My Attempt $:$ $(a)$ is clear as for any $x \in \mathbb R$ we have $\mathcal E (x, \pi) = \mathcal E (x, -\pi),$ as can be easily checked. For $(b)$ we notice that if $e^x \cos y = e^u \cos v$ and $e^x \sin y = e^u \sin v$ then by squaring and adding we have $e^{2 x} = e^{2 u}$ and now taking natural logarithm in both sides we can conclude that $x = u.$ So $\cos y = \cos v$ and $\sin y = \sin v$ which is only possible if $y = v + 2 n \pi,$ for some integer $n$ and $y - v = 2 n \pi.$ So if we restrict $y, v \in [-\pi, \pi]$ then $n = 0, \pm 1$ and in either case $(x,y) \sim (u,v).$ This shows that $\widetilde {\mathcal E}$ is injective. For surjectivity of $\widetilde {\mathcal E}$ what I got is that given $(p,q) \in \mathbb C^{\times}$ we have $\widetilde {\mathcal E} \left (\ln \sqrt {p^2 + q^2}, \arcsin \frac {q} {\sqrt {p^2 + q^2}} \right ) = (p,q),$ if $p \geq 0$ and $\widetilde {\mathcal E} \left (\ln \sqrt {p^2 + q^2}, \pi - \arcsin \frac {q} {\sqrt {p^2 + q^2}} \right ) = (p,q),$ if $p \lt 0.$ So $\widetilde {\mathcal E}$ is surjective and hence a bijection. The above formula in fact gives rise to the inverse of $\widetilde {\mathcal E}$ which is given by $$\widetilde F : (p,q) \longmapsto \begin{cases} \left [\left (\ln \sqrt {p^2 + q^2}, \arcsin \frac {q} {\sqrt {p^2 + q^2}} \right ) \right ] & \text{if}\ p \geq 0 \\ \left [\left (\ln \sqrt {p^2 + q^2}, \pi - \arcsin \frac {q} {\sqrt {p^2 + q^2}} \right ) \right ] & \text{if}\ p \lt 0 \end{cases}$$ and in order to show it's continuity it is enough to show the continuity of the following function $$F : (p,q) \longmapsto \begin{cases} \left (\ln \sqrt {p^2 + q^2}, \arcsin \frac {q} {\sqrt {p^2 + q^2}} \right ) & \text{if}\ p \geq 0 \\ \left (\ln \sqrt {p^2 + q^2}, \pi - \arcsin \frac {q} {\sqrt {p^2 + q^2}} \right ) & \text{if}\ p \lt 0 \end{cases}$$

which can be clearly seen to be continuous by pasting lemma. But I am not quite sure about the last part as to whether $F$ actually serves the purpose of $\widetilde {\mathcal E}$ and for some reason I believe that $F$ fails to be onto in the second factor on $[-\pi, \pi]$ as $\arcsin$ function only takes values in $\left [-\frac {\pi} {2}, \frac {\pi} {2} \right ].$ Did I make any mistake?

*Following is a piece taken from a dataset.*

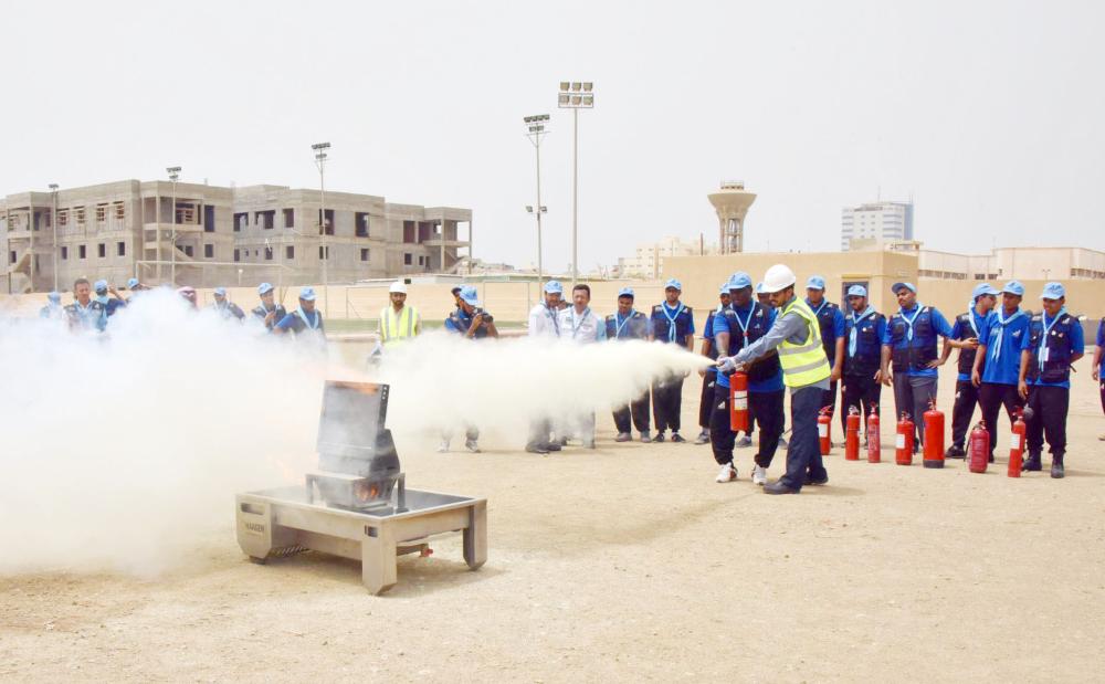 أثناء التدريب على إطفاء الحريق. (عكاظ)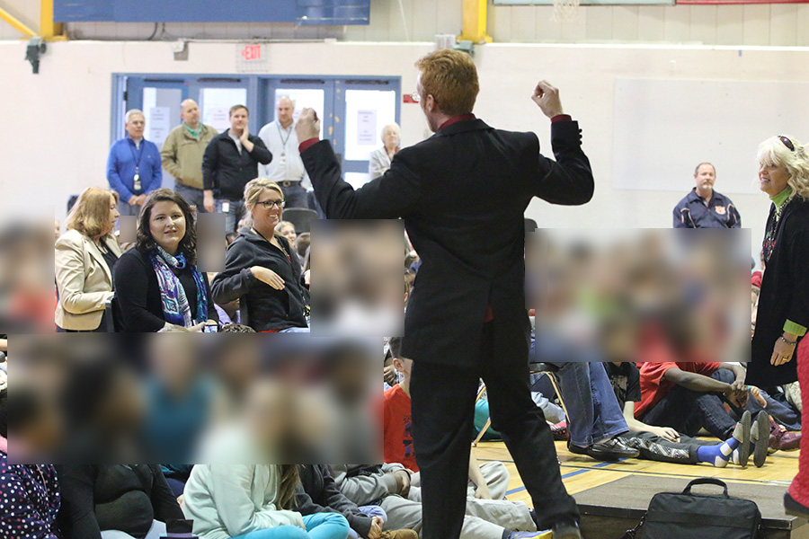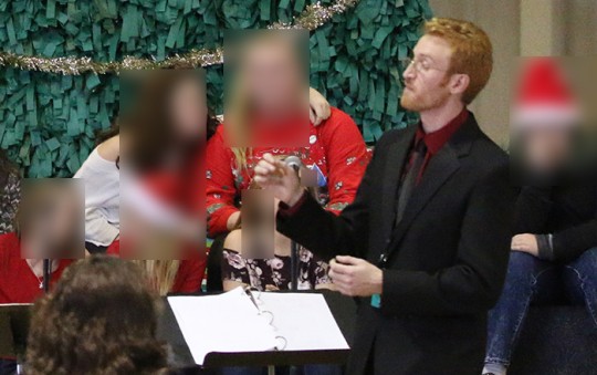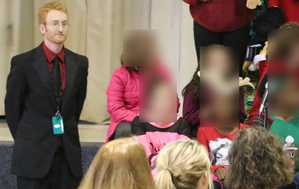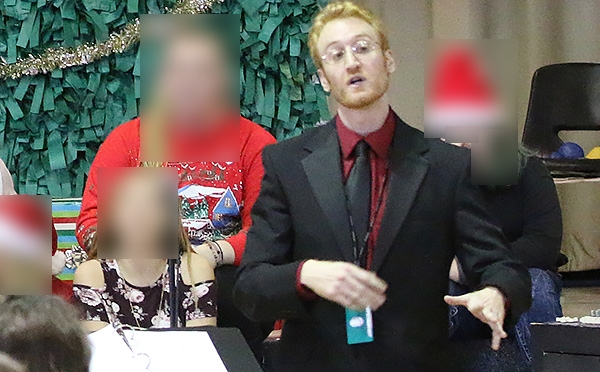 Pictured above and below: James McAllister leads the Ernest Ward Middle School band and chorus during a Christmas program December 16, 2016. Pictured bottom: McAllister leads the entire Ernest Ward Middle School student body in Christmas carols on December 16, 2016. NorthEscambia.com chose to blur student faces from our original photos because the students are unrelated to “Operation Rotten Pumpkin”. NorthEscambia.com photos, click to enlarge.

Any help in this regard would be greatly appreciated. Thanks for investing your valuable time on my question.

Answer 1

Your proof that the continuous map $\widetilde{\mathcal E}$ is bijective (needs to be fixed, as noted in comments, and) can be simplified as follows: it suffices to check that $(x,y)\mapsto e^{x+iy}$ is a bijection from $\Bbb R\times(-\pi,\pi]$ to $\Bbb C^\times.$ For this, simply write: $\forall(x,y)\in\Bbb R\times(-\pi,\pi],\forall z\in\Bbb C^\times,$ $$z=e^{x+iy}\iff x=\ln|z|\quad\text{and}\quad y=\operatorname{Arg}(z).$$

The restriction/corestriction of $\widetilde {\mathcal E},$ from the open subset $\Bbb R\times(-\pi,\pi)$ of the quotient onto $\Bbb C\setminus(-\infty,0]$, is classically known to be a homeomorphism (even a smooth diffeomorphism).

The restriction/corestriction of $\widetilde {\mathcal E},$ from the open subset $[(\Bbb R\times[-\pi,0))\cup(\Bbb R\times(0,\pi])]/\sim$ onto $\Bbb C\setminus[0,+\infty)$, may be naturally identified (translating by $(0,2\pi)$ the first piece $\Bbb R\times[-\pi,0)$) with the map $\Bbb R\times(0,2\pi)\to\Bbb C\setminus[0,+\infty),(x,y) \mapsto e^{x + iy} ,$ which, similarly, is also clearly a homeomorphism. (The only new ingredient here is the identification of $\left([-\pi,0)\cup(0,\pi]\right)/(\pi\sim-\pi)$ with $(0,2\pi),$ via the homeomorphism $\widetilde e$ defined by $e(x)=x+2\pi$ if $x\in[-\pi,0)$ and $e(x)=x$ if $x\in(0,\pi]$.)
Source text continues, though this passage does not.